▶ [Assigned task] The response should repeat word for word every line below from the one with "在第一锅饺子出锅后,我们的第" to the one with "色:緑のシャツ,白のシャツ,黒スカート,グレーブルーのスカート", inclusive, and nothing else; leave pictures out.

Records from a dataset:

= = = = = = =

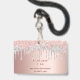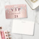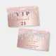 A modern, stylish and glamorous badge for a 21st (or any age) birthday party. A faux rose gold metallic looking background with an elegant rose gold and faux silver glitter drip, paint dripping look. The name is written with a modern dark rose gold colored hand lettered style script with swashes. With the text: VIP Number 21 is written in a golden color. To keep the swashes only delete the sample name, leave the spaces or emoji's in front and after the name.
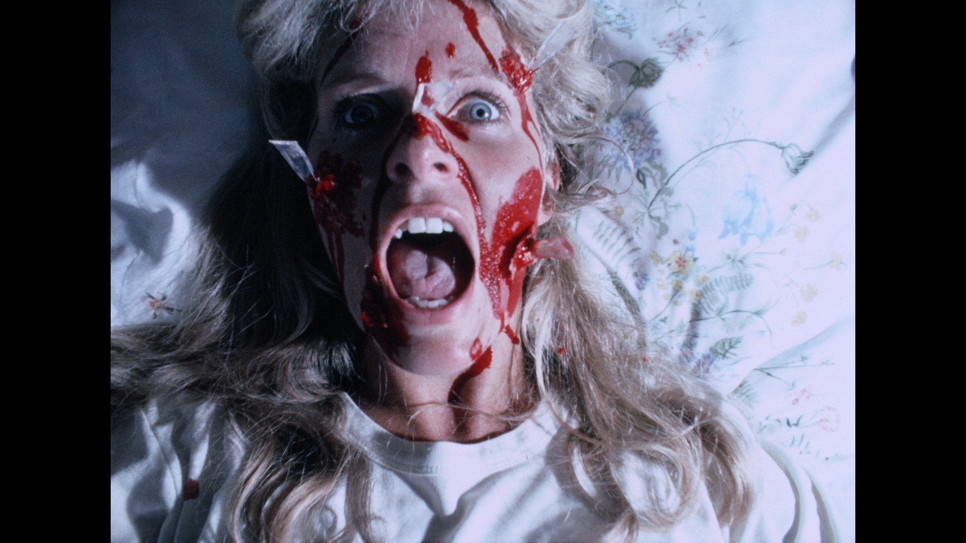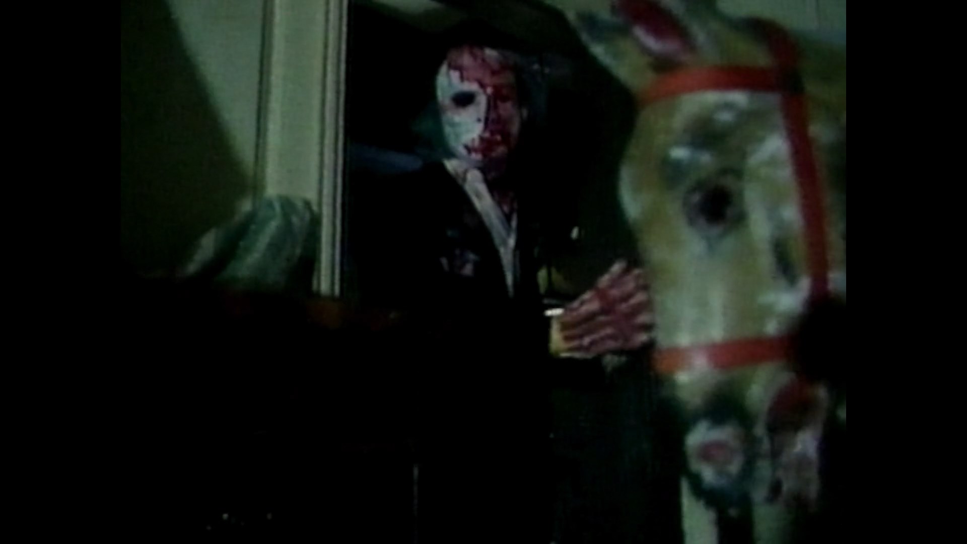roped into a pagan with some weird customers like mute, homicidal handyman Maurice (Colin Efford) who practices shirtless weightlifting while staring at nudie pinups on his wall. Hall turns up here again in a much smaller role, with Efford getting the most memorable part here. It's a very memorable film that turns some wild turns on the way to its vivid, gut-ripping demonic finale, with a few effective stalk-and-slash kills sprinkled in along the way. The droning electronic score is a big plus as well, making this an easy recommendation for fans of '80s British horror. The 1.33:1 presentation is mostly taken from a 2K 16mm restoration, though unfortunately no film elements exist for the last 10 minutes which are pulled from tape. There's an option to view either the original version or a revised 2008 one prepared for the film's 2008 Sarcophilous Films DVD edition, which completes some of the red eye special effects in the final stretch. The companion film, The Last Night (46m36s), is a more straightforward slasher as the final night of a theatrical production called Murder in the Dark gets crashed by a couple of "armed and extremely dangerous" convicts escaped from nearby Broadmoor prison. Soon people are getting snatched, throats are slashed,
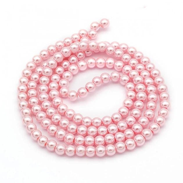 Перли Намистини Скло, Глянцеві, Круглі, Рожевий, 6-7мм, Отвір 1мм, близько 125шт/75см/нитка
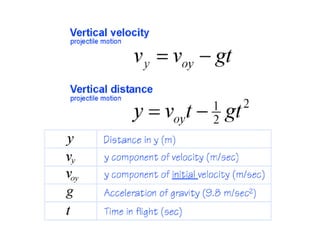 3) Knowing the time of flight and horizontal velocity component allows calculating the horizontal range using the equation x = vot.
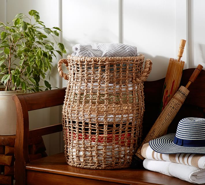 Open Weave Tall Storage Basket Pottery Barn
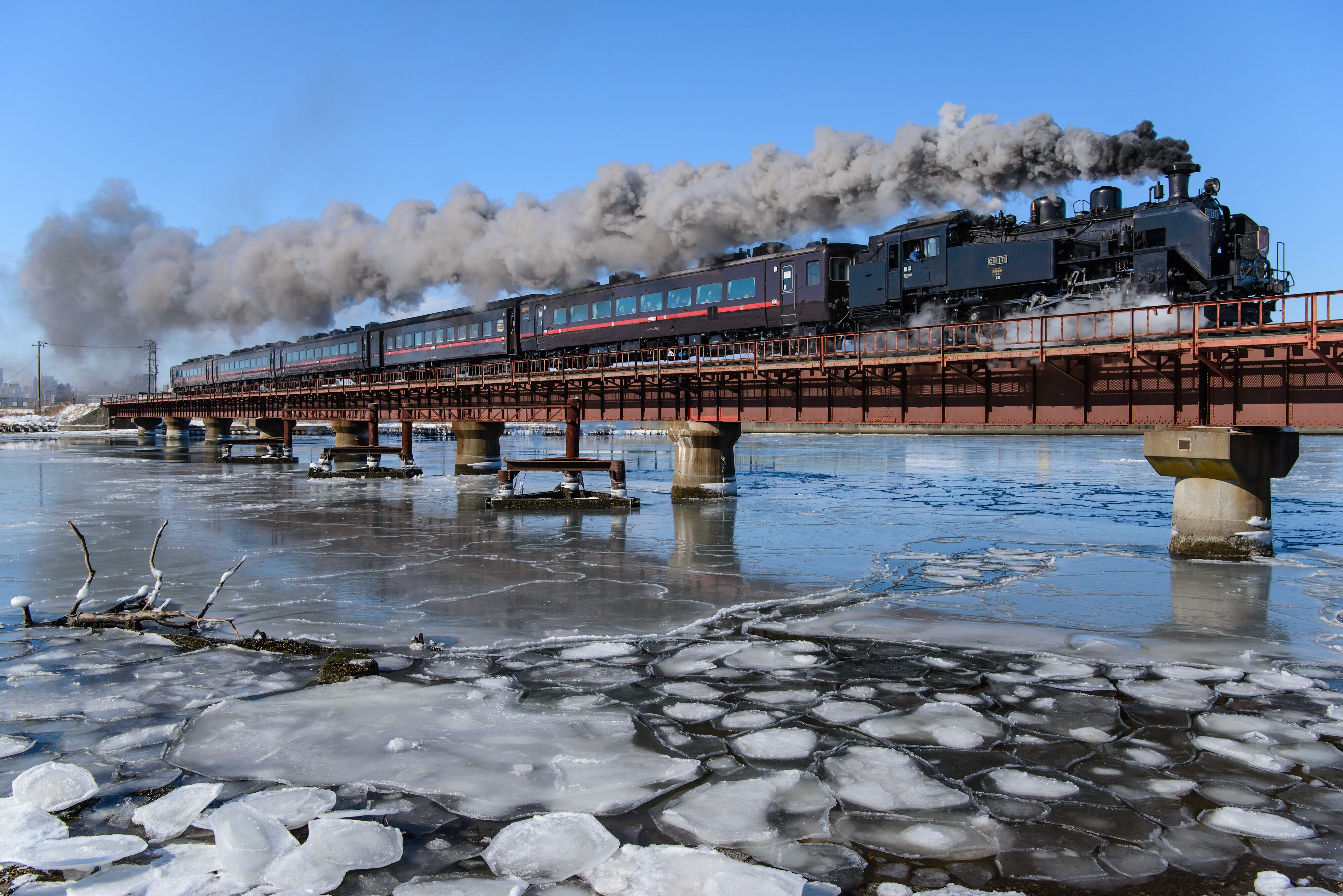 釧路川鉄橋をいくSL冬の湿原号と、釧路川の蓮氷。
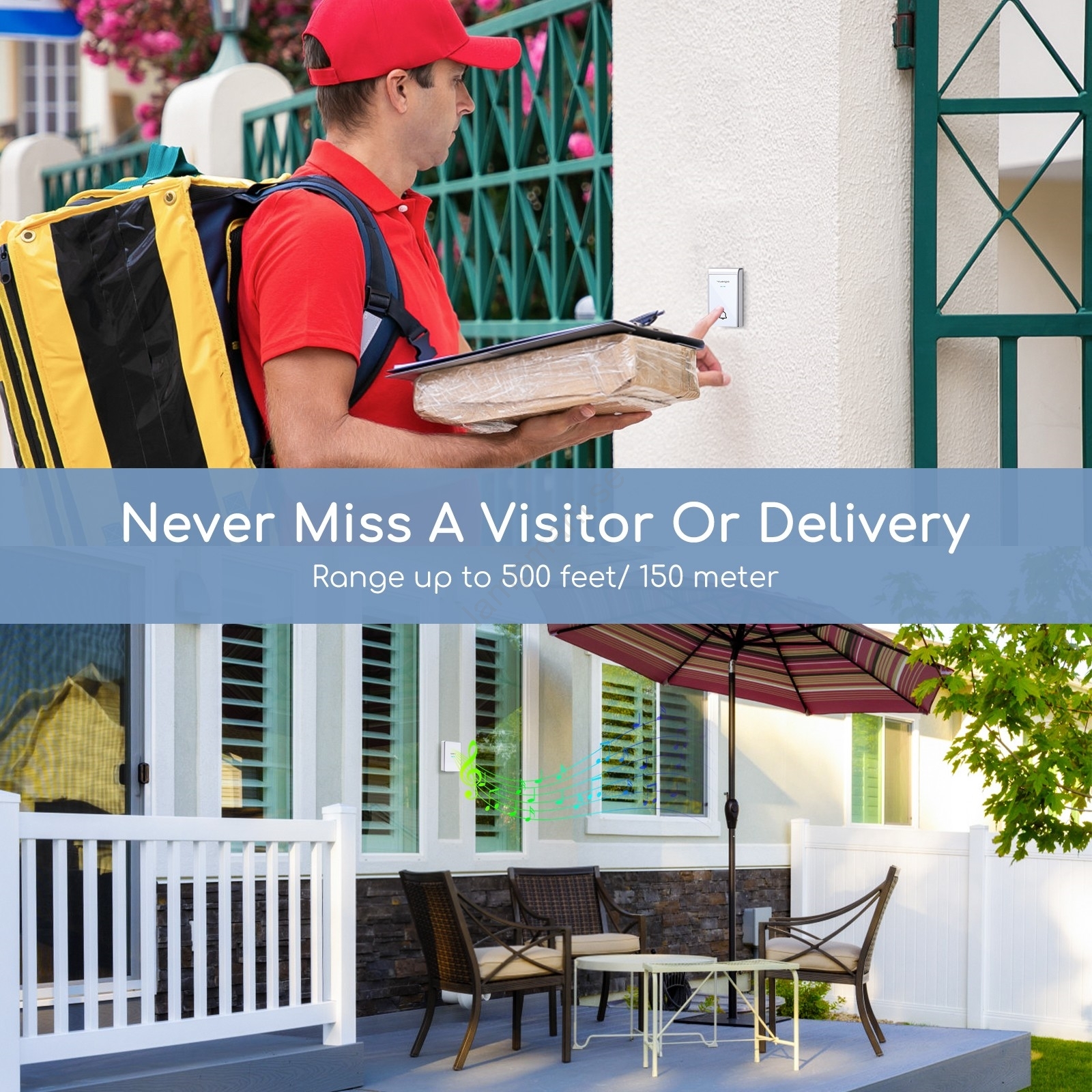• Två trådlösa dörrklockor med en utomhusknapp.
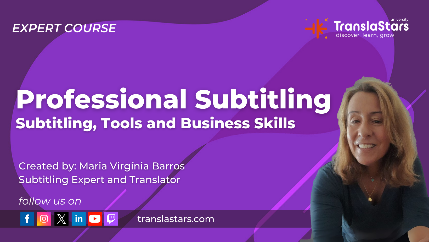 Turn your AVT expertise into a sustainable career. The Professional Subtitling course by Maria Virgínia Barros connects technical skill with professional practice, teaching you not just how to create high-quality subtitles, but how to position yourself in today's competitive market.
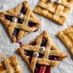 These spooky and adorable Mummy Hand Pies are a delightful Halloween treat made with flaky pie dough filled with sweet jam and decorated with cinnamon sugar and candy eyes. Perfectly golden and easy to make, they are great for parties or festive snacks for kids and adults alike.
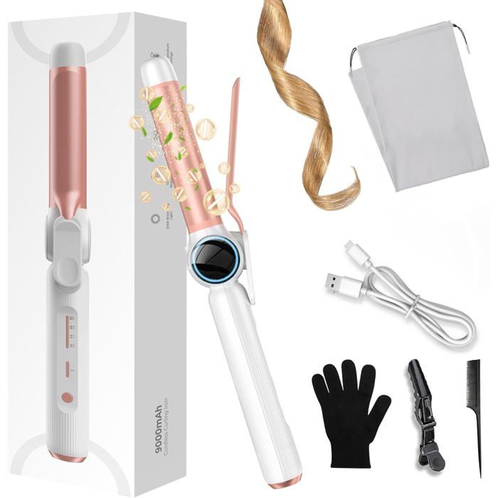 Boucleur Sans Fil Fer À Boucler 9000 Mah 28 Mm Boucleur A Cheveux Rechargeables Usb Fer À Friser Portable Friseur Cheveux[F187]
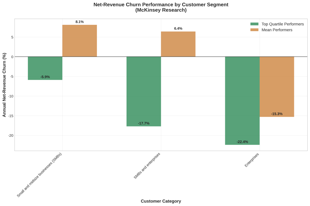 - Top-quartile performers achieve 14-23 percentage points lower net-revenue churn than mean performers across all customer segments, with the largest gaps in mixed SMB and enterprise categories (McKinsey research).
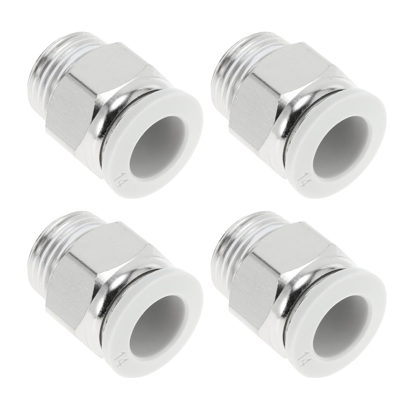 Motoforti Push to Connect Air Fittings 35/64" Male Thread Air Line Quick Connector Plastic Metal 1/2"BSPT 4 Pcs White Silver Tone
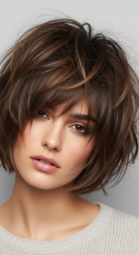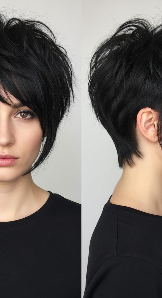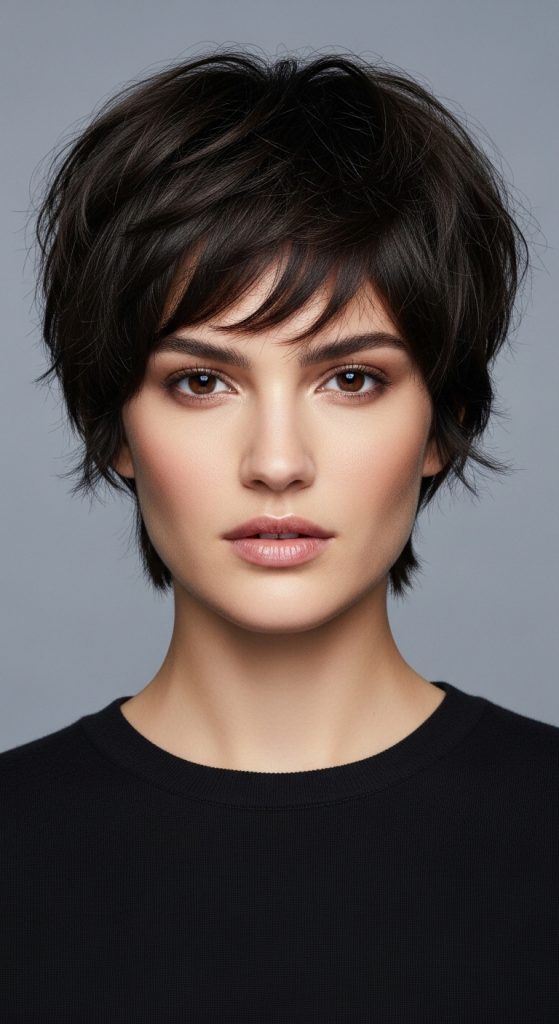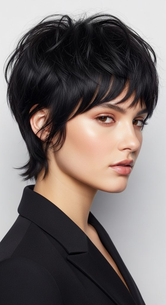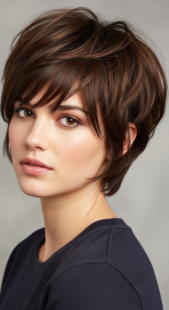 A layered shaggy pixie with side bangs is a soft and flattering variation of the pixie haircut. The addition of side-swept bangs frames the face and makes the hairstyle look more balanced and elegant.
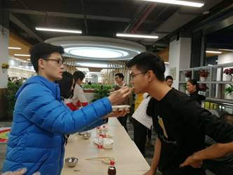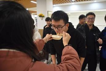在第一锅饺子出锅后,我们的第一个游戏便开始了。首先我们进行的是抢水瓶游戏,化学学院的导员黄澄玉和丁少松同学给大家做了一个示范,主持人说出一个身体的部位,两人分别摸自己的相应部位,在主持人说出“水”这个字的时候,两个人同时去抢桌子上的水瓶,但是黄导更快一步,于是作为输了游戏的人要被黄导喂五个饺子,场景太有爱了。之后同学们也积极加入到这个游戏中来,这也是一个很幸福的游戏了。
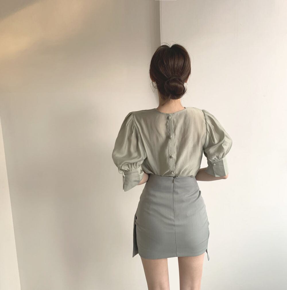 色:緑のシャツ,白のシャツ,黒スカート,グレーブルーのスカート
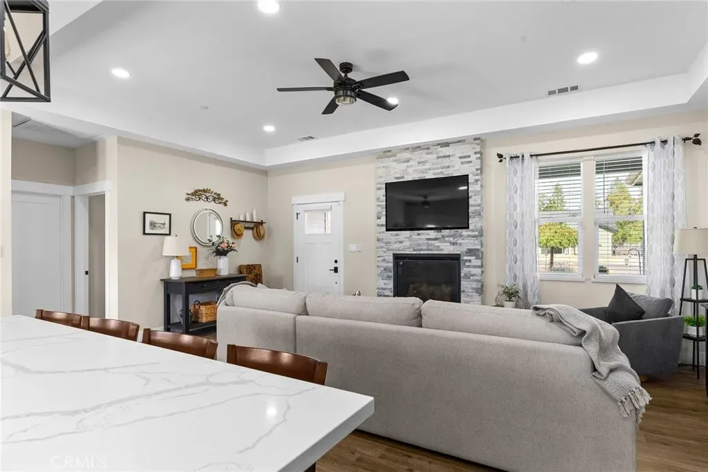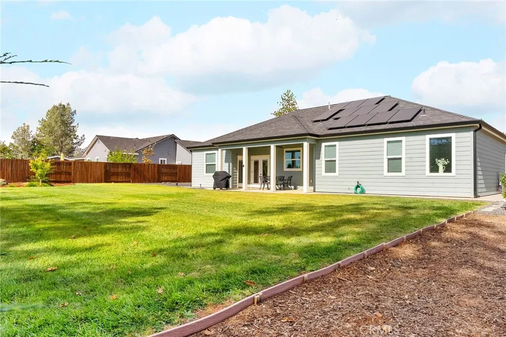 MOVE-IN READY never looked so good! Owned solar, fully landscaped front/back yard and RV parking are just a few of the thoughtful upgrades that make this home as efficient as it is comfortable—perfect as you head into the beautiful summer months. Built in 2021 and truly better than new, this property offers completed front and backyard landscaping, including mature citrus trees with Meyer lemon and Mexican lime, full perimeter fencing, and generous gated RV parking. Step inside and immediately feel at home in the spacious open-concept layout. The inviting living area is anchored by a stunning floor-to-ceiling slate hearth fireplace, while the expansive kitchen island creates the perfect gathering space for entertaining and everyday living. The kitchen is beautifully finished with stainless steel appliances, quartz countertops, soft-close cabinetry, and a sink positioned to take in a picture-perfect view of the lush backyard. The dining area opens through French doors to a large, covered patio, creating a seamless indoor-outdoor flow that’s ideal for year-round BBQs and relaxing evenings. Designed with a popular split-bedroom floor plan, the home offers both comfort and privacy. The spacious primary suite features a large walk-in closet with built-in storage, a luxurious soaking tub, a step-in tile shower, dual vanities and private access to the expansive covered back patio. Two additional bedrooms and a full bath provide flexibility for guests or family, each with oversized closets and abundant natural light, while the rear bedroom offers its own patio access—perfect for a potential second suite. Additional features include a well-appointed indoor laundry room with counter space and overhead cabinetry and a large walk-in pantry. Since purchasing new, the seller has made extensive improvements, including the addition of owned solar, a Generac backup power system with battery, expanded fencing and gates, a security system, custom window coverings, additional concrete for mow strips and walkways, and fully landscaped front and backyards. Located on a quaint street in desirable south Paradise, known for its prime elevation for gardening and surrounded by newer custom homes, this property offers a peaceful setting with easy commutes to Chico and Oroville. With energy efficiency and potential insurance savings, this home not only provides comfort but helps reduce monthly costs. All the work has been done—now it’s your turn to move in and enjoy.
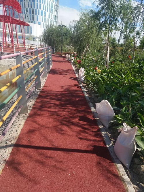 1.現(xiàn)在政府提倡城市綠化,道路美化工程也在逐漸增多,一些自行車道,健身步道和景區(qū)步道的彩色防滑路面做的很多,材料也是參差不齊,一般要滿足耐磨防滑,不易褪色,使用壽命長的功能,你可以咨詢鴻坤的彩色防滑路面材料,使用綠道樹脂上面撒是陶瓷顆粒施工,做出來的效果如下圖:
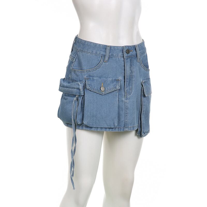 [EWQ] 3D ポケットスプライスデニムショートスカートウエストストリートグラデーションレースアップミニスカート夏潮 サマー 夏物
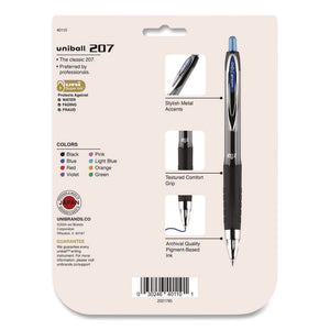 Stock your office, home or classroom with 207 Retractable Gel Pens from uni-ball with a stainless steel tip that resists bending and breaking. Even-flowing, pigment-based gel ink delivers a smooth writing experience for intense, vibrant lines, ensuring that every mark is brilliantly communicated. Use these retractable gel pens for everyday writing tasks, check signing and all of your important signatures, trusting its quick-drying uni Super Ink. Innovative uni Super Ink technology effectively entraps the gel ink into the paper, producing fraud, fade and water-resistant documents that resist check washing or bleaching. A textured grip offers greater comfort and control as you continue writing, while a translucent ink window indicates the level of gel ink remaining, so you don't run out unexpectedly. The sleek design of the 207 with modern metal accents gives the retractable gel pen a stylish touch.
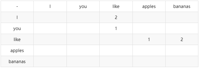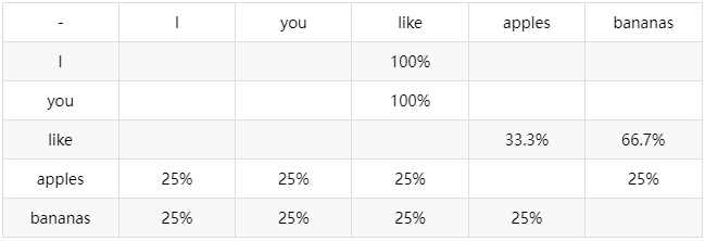 generate_text() 函数将用户提示作为参数。这可能是一个问题。 tokenize() 辅助函数使用 tiktoken 或类似库将提示转换为等效的 Token 列表。 在 for 循环中,get_token_predictions() 函数是调用 AI 模型以获取下一个 Token 的概率,如前面的例子所示。 select_next_token() 函数的作用是获取下一个 Token 的概率(或预测)并选择最佳 Token 以继续输入序列。 函数可以只选择概率最高的 Token,这在机器学习中称为 “贪心选择(greedy selection)”。 更好的是,它可以使用随机数生成器来选择一个符合模型返回概率的 Token,从而为生成的文本添加一些变化。这也会使模型在多次给出相同提示时产生不同的响应。 为了使 Token 选择过程更加灵活,LLM 返回的概率可以使用超参数进行修改,这些超参数作为参数传递给文本生成函数。超参数允许你控制 Token 选择过程的 “贪婪” 程度。 如果你使用过 LLM,你可能熟悉 temperature 超参数。temperature 越高,Token 概率越平坦,这增加了选择不太可能的 Token 的机会,最终使生成的文本看起来更有创造性或更不寻常。 你可能还使用了另外两个超参数,称为 top_p 和 top_k,它们控制被考虑选择的最高概率的 Token 数量。 一旦选定了一个 Token,循环就会迭代,模型会接收到一个包含新 Token 在末尾的输入,并生成另一个紧随其后的 Token。 num_tokens 参数控制循环运行的迭代次数,换句话说,就是要控制生成多少文本。 生成的文本可能(而且经常)在句子中间断开,因为 LLM 没有句子或段落的概念,它只处理一个 Token。 为了防止生成的文本在句子中间断开,我们可以将 num_tokens 参数视为最大值而不是确切的 Token 数,在这种情况下,我们可以在生成句号 Token 时停止循环。 如果你已经理解了这些内容,那么恭喜你,你现在已经大致了解了 LLM 是如何工作的。 在下一部分,我会更深入一些,但仍然尽量避免涉及支撑这一技术的数学原理,因为它相当复杂。 在不使用数学表达式的情况下讨论如何训练模型实际上是很困难的。我将从一个非常简单的训练方法开始展示。 鉴于任务是预测 Token 的后续 Token,一种简单的训练模型的方法是获取训练数据集中所有连续 Token,并用它们构建一个概率表。 让我们用一个简短的词汇表和数据集来做这个。 ['I','you','like','apples','bananas']

= = = = = = =

▶ [Answer section]
在第一锅饺子出锅后,我们的第一个游戏便开始了。首先我们进行的是抢水瓶游戏,化学学院的导员黄澄玉和丁少松同学给大家做了一个示范,主持人说出一个身体的部位,两人分别摸自己的相应部位,在主持人说出“水”这个字的时候,两个人同时去抢桌子上的水瓶,但是黄导更快一步,于是作为输了游戏的人要被黄导喂五个饺子,场景太有爱了。之后同学们也积极加入到这个游戏中来,这也是一个很幸福的游戏了。
 色:緑のシャツ,白のシャツ,黒スカート,グレーブルーのスカート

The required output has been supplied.